=== Section Start ===
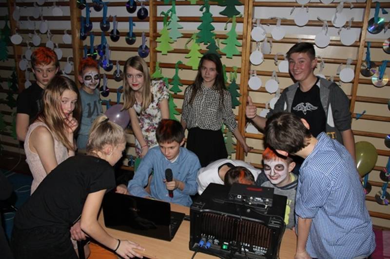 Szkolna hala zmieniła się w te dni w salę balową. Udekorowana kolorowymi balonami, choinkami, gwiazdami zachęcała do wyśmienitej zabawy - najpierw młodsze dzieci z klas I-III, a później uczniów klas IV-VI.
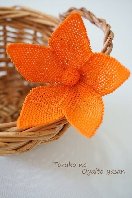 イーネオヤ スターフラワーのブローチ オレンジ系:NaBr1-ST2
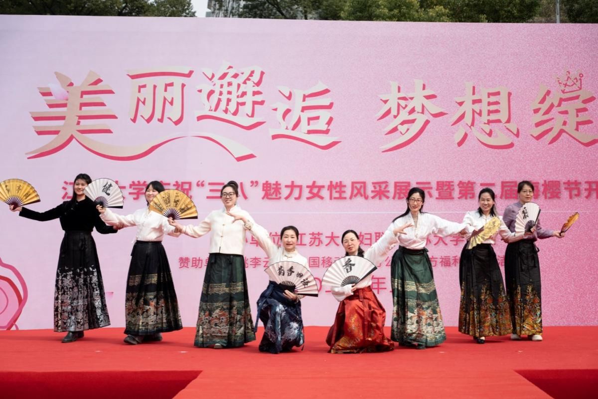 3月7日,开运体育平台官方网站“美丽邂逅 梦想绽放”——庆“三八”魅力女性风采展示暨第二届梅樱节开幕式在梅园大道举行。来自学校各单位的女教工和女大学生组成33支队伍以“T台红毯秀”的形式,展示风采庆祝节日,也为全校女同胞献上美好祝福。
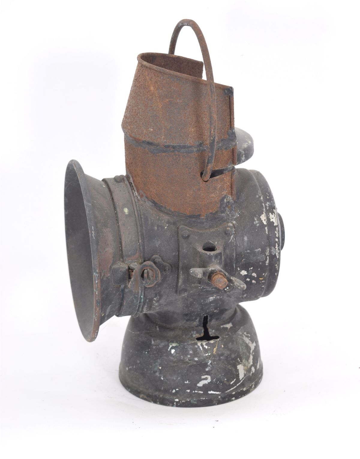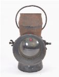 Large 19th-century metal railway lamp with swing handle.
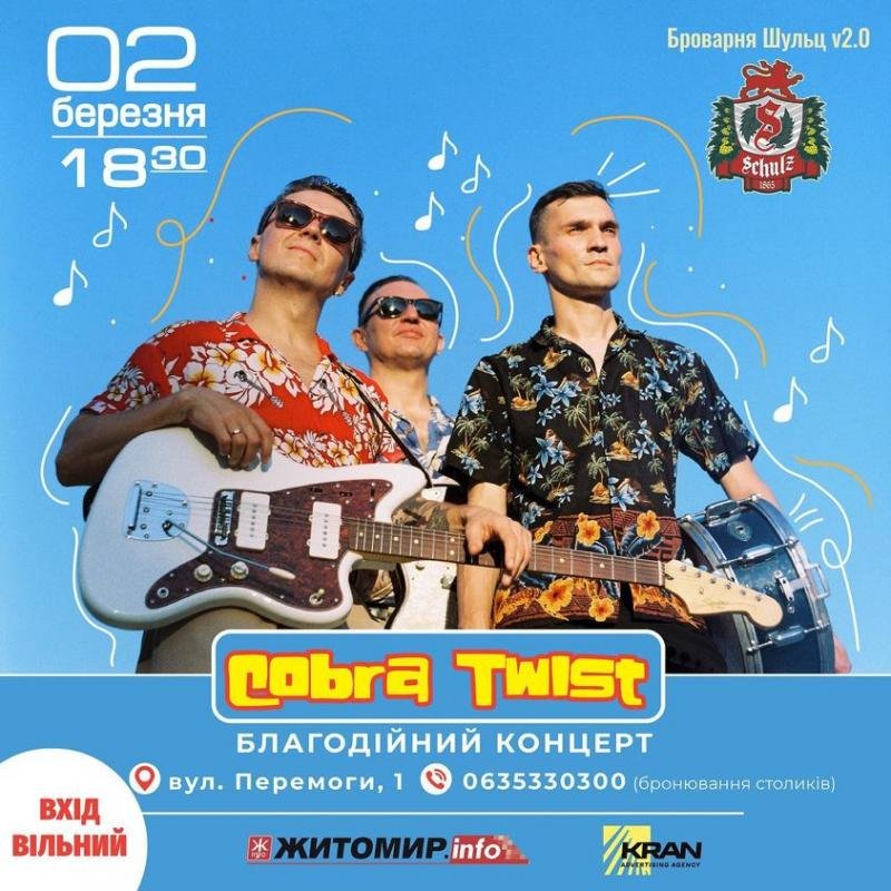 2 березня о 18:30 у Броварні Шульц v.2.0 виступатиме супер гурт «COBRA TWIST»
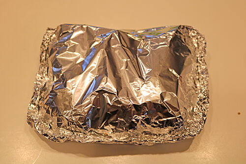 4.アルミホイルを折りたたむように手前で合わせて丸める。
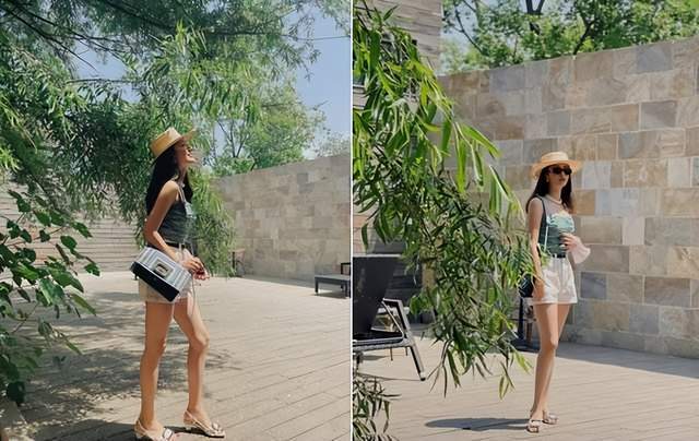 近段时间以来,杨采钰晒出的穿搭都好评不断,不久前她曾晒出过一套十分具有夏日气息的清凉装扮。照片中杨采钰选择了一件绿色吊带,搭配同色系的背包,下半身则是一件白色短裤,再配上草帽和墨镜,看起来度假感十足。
=== Section End ===
Restate the material above word for word, dropping the pictures.

 Szkolna hala zmieniła się w te dni w salę balową. Udekorowana kolorowymi balonami, choinkami, gwiazdami zachęcała do wyśmienitej zabawy - najpierw młodsze dzieci z klas I-III, a później uczniów klas IV-VI.
 イーネオヤ スターフラワーのブローチ オレンジ系:NaBr1-ST2
 3月7日,开运体育平台官方网站“美丽邂逅 梦想绽放”——庆“三八”魅力女性风采展示暨第二届梅樱节开幕式在梅园大道举行。来自学校各单位的女教工和女大学生组成33支队伍以“T台红毯秀”的形式,展示风采庆祝节日,也为全校女同胞献上美好祝福。
 Large 19th-century metal railway lamp with swing handle.
 2 березня о 18:30 у Броварні Шульц v.2.0 виступатиме супер гурт «COBRA TWIST»
 4.アルミホイルを折りたたむように手前で合わせて丸める。
 近段时间以来,杨采钰晒出的穿搭都好评不断,不久前她曾晒出过一套十分具有夏日气息的清凉装扮。照片中杨采钰选择了一件绿色吊带,搭配同色系的背包,下半身则是一件白色短裤,再配上草帽和墨镜,看起来度假感十足。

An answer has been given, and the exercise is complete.